Molecular motor turns rotor

Tiny machine synchronizes the motion of its two moving parts

by Bethany Halford
June 1, 2017 | A version of this story appeared in Volume 95, Issue 23

The structure of Feringa’s new motor-rotor machine and a schematic showing its movement.
Credit: Adapted from Science
The Feringa lab’s newest molecular machine features a motor that turns a covalently attached rotor.

Gearing up to make even more complex molecular machines, chemists at the University of Groningen have created a molecular motor coupled to a rotor. The motor turns the attached rotor such that the two components’ motions are synchronized, just like that of machines we encounter in everyday life (Science 2017, DOI: 10.1126/science.aam8808).

“This is fundamental research about how to control motion at the molecular level and how then to use it to synchronize motion and amplify motion,” says Ben L. Feringa, who led the Groningen team.

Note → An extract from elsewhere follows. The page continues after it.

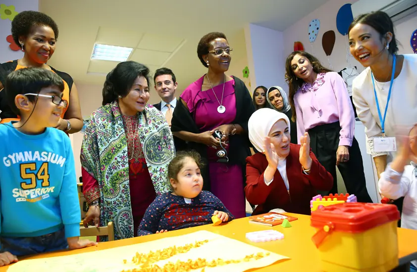 Konuk lider eşleri ile ve merkezde hatıra fotoğrafı çektiren Emine Erdoğan, burada eğitim gören çocuklara da çeşitli hediyeler verdi. Ziyaretinde Emine Erdoğan’a kızı Sümeyye Erdoğan, Antalya Milletvekili Sena Nur Çelik, ve Dışişleri Eski Bakanı ve Milletvekili Mevlüt Çavuşoğlu’nun eşi Hülya Çavuşoğlu da eşlik etti.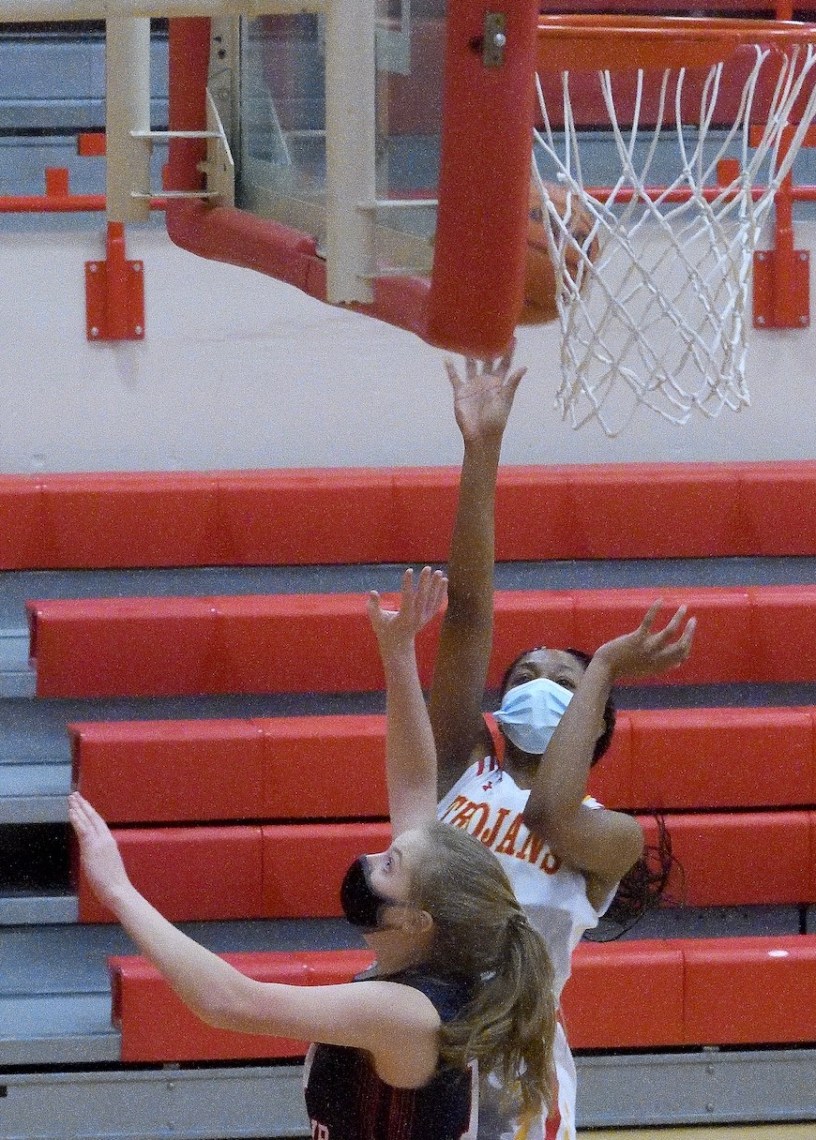 Shae Littleford scored 25 points Saturday to move into second all-time for CHS scoring and Alycia Triplett (above) snagged the second most rebounds in school history, leading Charleston to a 59-36 victory over Stew-Stras.

In a commentary that accompanies the paper, University of Bologna chemists and molecular machine makers Massimo Baroncini and Alberto Credi note that the motor-rotor combo “takes an important step forward toward more complex mechanical functions with artificial nanoscale devices.”

A unidirectional molecular motor and attached rotor turn in synchronized motion
Credit: Science
A unidirectional molecular motor and attached rotor turn in synchronized motion
Credit: Science

The unidirectional motor consists of a fluor­enyl unit attached to an indanyl group via a double bond. The system’s naphthyl rotor is covalently attached to the indanyl half of the motor. When illuminated, the motor’s double bond isomerizes, setting the system into motion. As the motor turns, the naphthyl rotor paddle slides alongside the fluorenyl unit so that the rotor is always facing the motor with the same side—a feat the group accomplished with a complex stereochemical design. Both nuclear magnetic resonance and circular dichroism spectroscopy confirmed this synchronized motion.

It was a delicate balance to achieve the desired movement, Feringa notes. “We had to induce motion, we had to couple motion, and we had to prevent free rotation of the rotor; otherwise we could not have synchronized rotation,” he says.

Next, Feringa’s group would like to create machines that can amplify the molecular machines’ motion to larger movements or transmit motion over longer distances.